Время все больше подтверждало его диагноз. Образ морской звезды преследовал его, являясь ему в снах, и был отчетливей и ужасней, чем мертвое тело. Тело это он сперва увидел сверху и теперь видел таким же, только на вертикальном, а не горизонтальном фоне. Иногда песок становился золотой стеной, тело — распростертой на ней фигурой мученика; иногда оно было восточным иероглифом, застывшим в пляске божеством; но звезда о пяти лучах его не покидала. Она походила на древний багровый рисунок, и весь живой багрец сосредоточивался в ней. Очертания человека становились все абстрактней, все суше, звезда — все живее, и, казалось, она вот–вот зашевелит огненными пальцами, пытаясь объяснить, что же произошло. Порой человек стоял на голове, а звезда, как ей и положено, сверкала над ним.
— Я назвал цветок живой звездой, — говорил себе Гейл, — а на самом деле — вот она, живая звезда. Нет, я и правда скоро свихнусь. Чего–чего, а этого я никак не хочу. Какой от меня прок моим сумасшедшим собратьям, если я упаду с веревки, натянутой над бездной?
Он думал долго; а когда все понял, удивился, что долго думал. Все было так просто, что он посмеялся над собой и пошел в деревню.
— Бун с акулой, я — со звездой… — бормотал он на полпути. — Аквариум получше, чем у этого Уилкса! Пойду порасспрошу рыбаков…

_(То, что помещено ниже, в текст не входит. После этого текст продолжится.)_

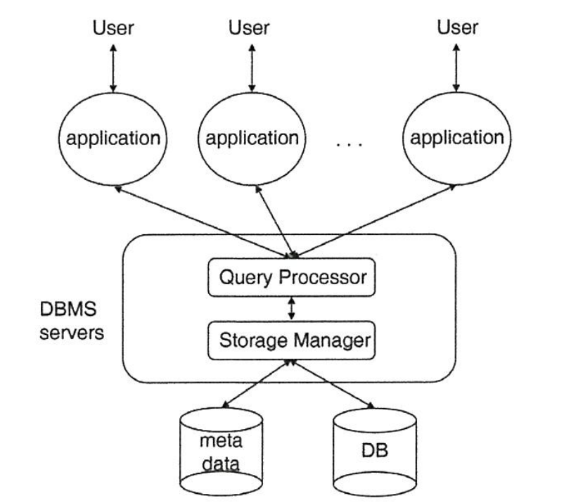 - DBMS : 사용자에게 데이터 관리에 필요한 기능을 제공한다. 이는 데이터를 define 하고 construct 하고 change 하고 delete 하고 approach 하고 manipulate 하는 기본적인 연산 기능을 제공한다. 또한, data abstraction, data independence, data security 등 사용자에게 데이터베이스 관리에 도움을 주는 다양한 기능을 제공한다.

Он расспросил их, и под вечер, когда он возвращался, вид у него был вполне спокойный. «Мне всегда казалось, — думал он, — что следы тут — самое простое. Есть вещи и посложней».
Он поднял голову и увидел вдалеке, в тихом предвечернем свете, странную шляпу и коренастую фигуру Амоса Буна.
Встречаться с ним он не хотел и свернул к тропинке, ведущей на вершину холма. Бун что–то чертил зонтиком на песке, как ребенок чертит замок, но вряд ли у него была такая благородная цель. Гейл часто заставал его за каким–нибудь бессмысленным занятием; но когда он дошел до вершины, наваждение снова овладело им. Он твердил, что все его дело — идти по веревке над пропастью, в которую свалилось много других людей. Однако он взглянул вниз, на песок, плывущий под ним, и увидел, что линии сложились в рисунок, плоский, как узор на обоях. Дети часто рисовали на песке свинью; но этот рисунок был другим, древним, как наскальные изображения. Бун изобразил не свинью, а оскалившуюся акулу с торчащим вверх плавником.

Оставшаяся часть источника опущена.